* [Task] Only one span is wanted from the lines below: from the one with "A gentle glow" up to and including the one with "Positioned on a". Copy it exactly, without images.

* [Record excerpts]

Segment Open

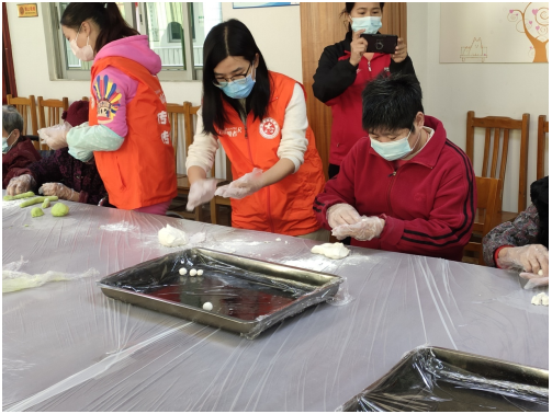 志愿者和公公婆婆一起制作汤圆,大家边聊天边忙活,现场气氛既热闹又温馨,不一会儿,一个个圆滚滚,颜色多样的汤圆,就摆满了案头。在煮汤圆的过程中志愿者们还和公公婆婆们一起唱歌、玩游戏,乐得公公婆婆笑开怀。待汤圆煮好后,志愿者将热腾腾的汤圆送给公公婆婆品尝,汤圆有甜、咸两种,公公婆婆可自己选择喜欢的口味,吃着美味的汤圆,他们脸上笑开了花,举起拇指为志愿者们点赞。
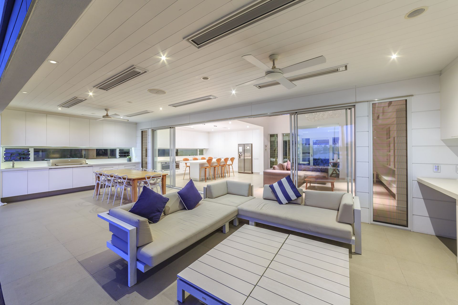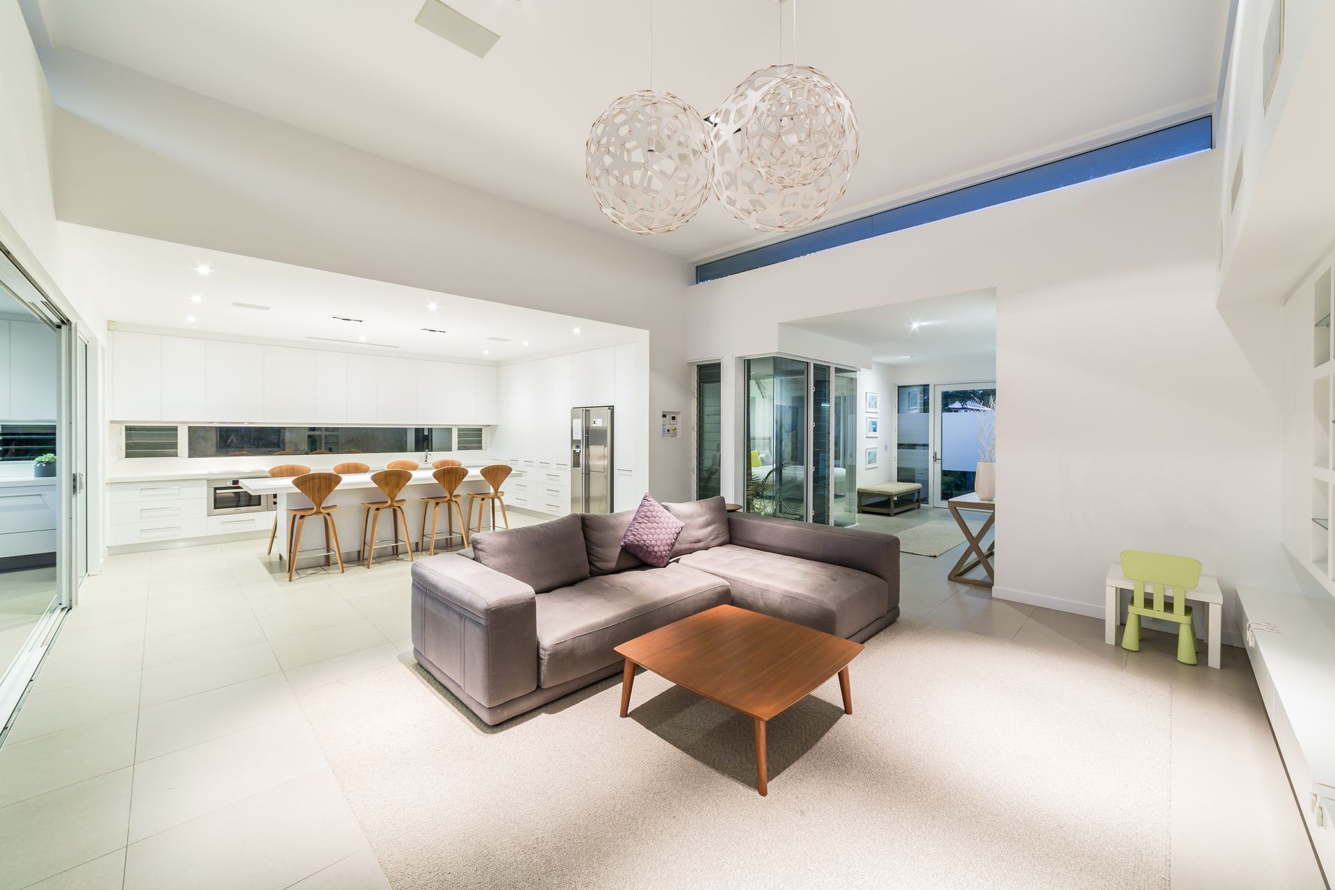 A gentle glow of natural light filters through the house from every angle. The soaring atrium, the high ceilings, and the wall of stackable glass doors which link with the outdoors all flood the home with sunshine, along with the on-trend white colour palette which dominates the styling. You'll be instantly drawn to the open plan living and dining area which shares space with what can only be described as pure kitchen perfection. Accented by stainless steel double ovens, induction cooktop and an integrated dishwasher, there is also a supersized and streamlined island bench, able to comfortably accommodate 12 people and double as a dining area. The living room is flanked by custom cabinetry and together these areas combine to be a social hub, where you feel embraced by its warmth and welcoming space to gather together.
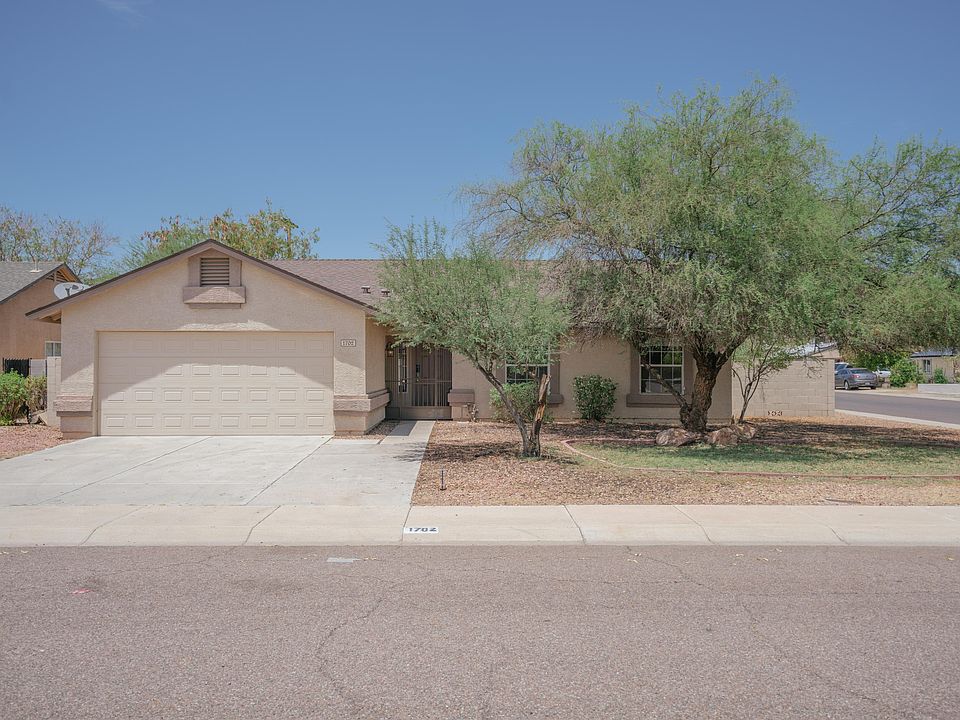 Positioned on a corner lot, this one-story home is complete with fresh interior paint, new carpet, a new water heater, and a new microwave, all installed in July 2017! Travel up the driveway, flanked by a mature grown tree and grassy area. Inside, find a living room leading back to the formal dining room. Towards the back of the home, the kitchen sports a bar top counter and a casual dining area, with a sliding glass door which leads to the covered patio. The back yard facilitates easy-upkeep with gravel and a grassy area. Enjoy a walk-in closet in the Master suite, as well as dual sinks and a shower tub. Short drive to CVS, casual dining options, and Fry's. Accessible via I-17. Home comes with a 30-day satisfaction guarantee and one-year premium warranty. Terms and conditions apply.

Segment Closed
Segment Open

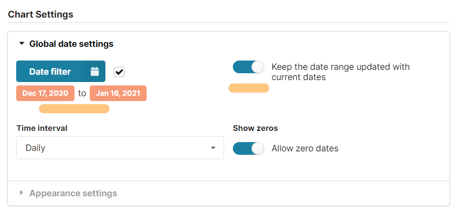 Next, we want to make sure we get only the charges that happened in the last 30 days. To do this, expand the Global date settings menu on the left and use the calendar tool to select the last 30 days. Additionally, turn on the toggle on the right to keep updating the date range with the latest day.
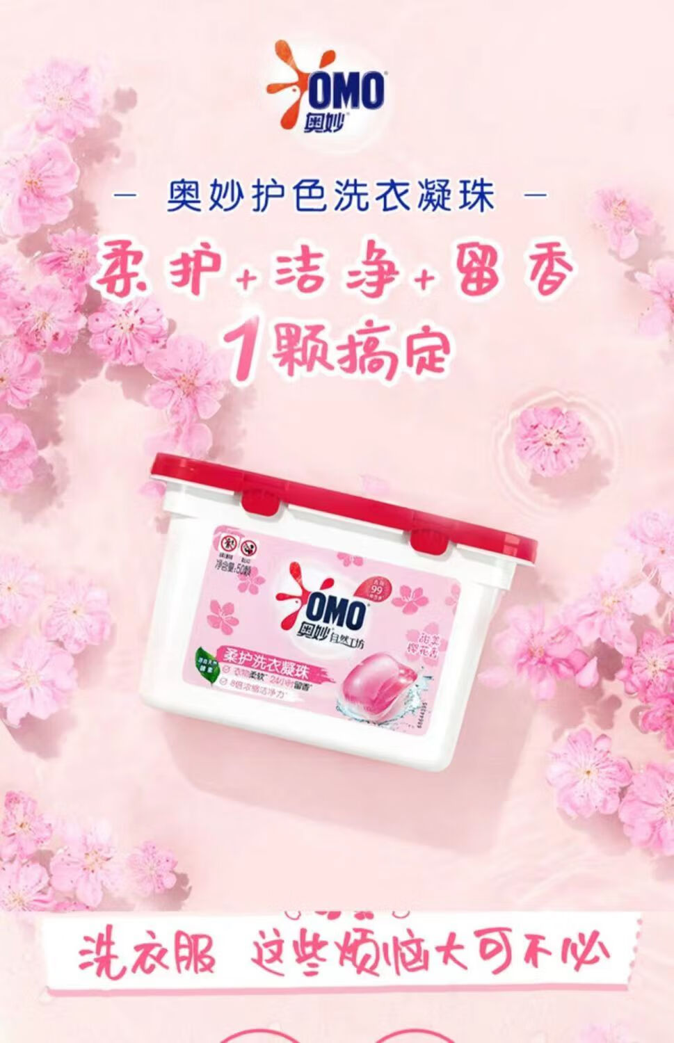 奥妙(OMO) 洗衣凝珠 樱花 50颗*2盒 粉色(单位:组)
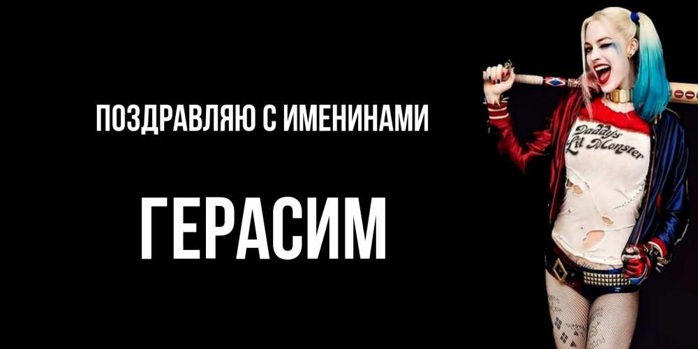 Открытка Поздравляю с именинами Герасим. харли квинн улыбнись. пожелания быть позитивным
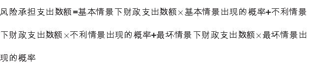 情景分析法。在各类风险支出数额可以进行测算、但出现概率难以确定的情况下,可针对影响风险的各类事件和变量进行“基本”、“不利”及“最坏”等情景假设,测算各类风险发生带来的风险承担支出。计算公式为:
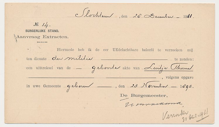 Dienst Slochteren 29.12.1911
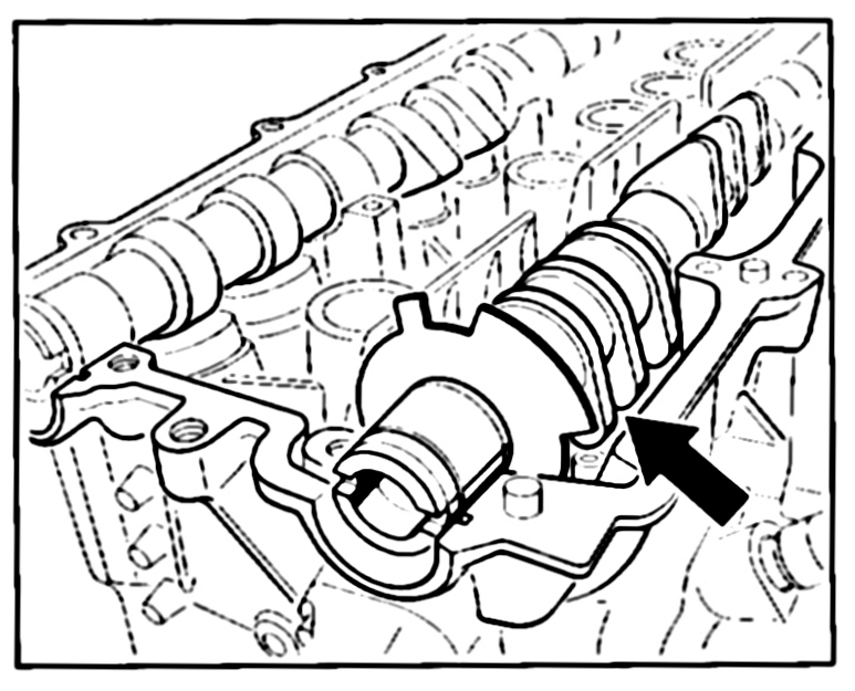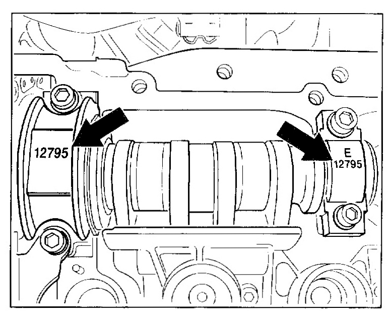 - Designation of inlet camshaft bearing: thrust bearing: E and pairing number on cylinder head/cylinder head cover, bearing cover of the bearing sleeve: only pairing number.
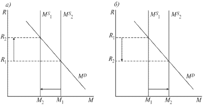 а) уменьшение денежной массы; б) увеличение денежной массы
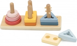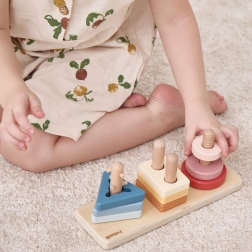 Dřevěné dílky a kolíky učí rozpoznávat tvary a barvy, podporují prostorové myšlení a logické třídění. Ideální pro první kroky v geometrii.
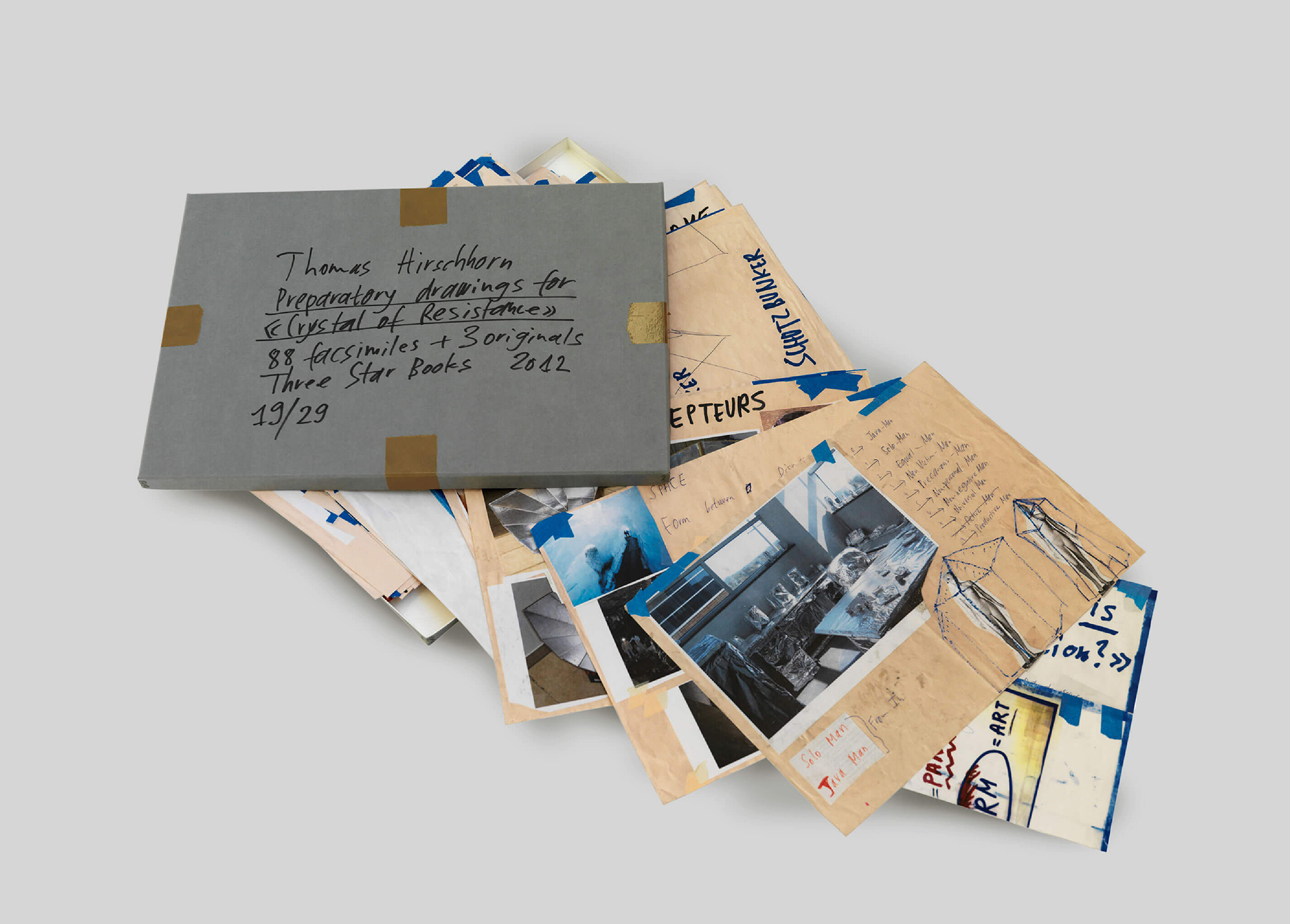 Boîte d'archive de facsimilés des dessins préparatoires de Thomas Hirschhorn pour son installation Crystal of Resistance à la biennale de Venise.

Segment Closed

* [Response]
 A gentle glow of natural light filters through the house from every angle. The soaring atrium, the high ceilings, and the wall of stackable glass doors which link with the outdoors all flood the home with sunshine, along with the on-trend white colour palette which dominates the styling. You'll be instantly drawn to the open plan living and dining area which shares space with what can only be described as pure kitchen perfection. Accented by stainless steel double ovens, induction cooktop and an integrated dishwasher, there is also a supersized and streamlined island bench, able to comfortably accommodate 12 people and double as a dining area. The living room is flanked by custom cabinetry and together these areas combine to be a social hub, where you feel embraced by its warmth and welcoming space to gather together.
 Positioned on a corner lot, this one-story home is complete with fresh interior paint, new carpet, a new water heater, and a new microwave, all installed in July 2017! Travel up the driveway, flanked by a mature grown tree and grassy area. Inside, find a living room leading back to the formal dining room. Towards the back of the home, the kitchen sports a bar top counter and a casual dining area, with a sliding glass door which leads to the covered patio. The back yard facilitates easy-upkeep with gravel and a grassy area. Enjoy a walk-in closet in the Master suite, as well as dual sinks and a shower tub. Short drive to CVS, casual dining options, and Fry's. Accessible via I-17. Home comes with a 30-day satisfaction guarantee and one-year premium warranty. Terms and conditions apply.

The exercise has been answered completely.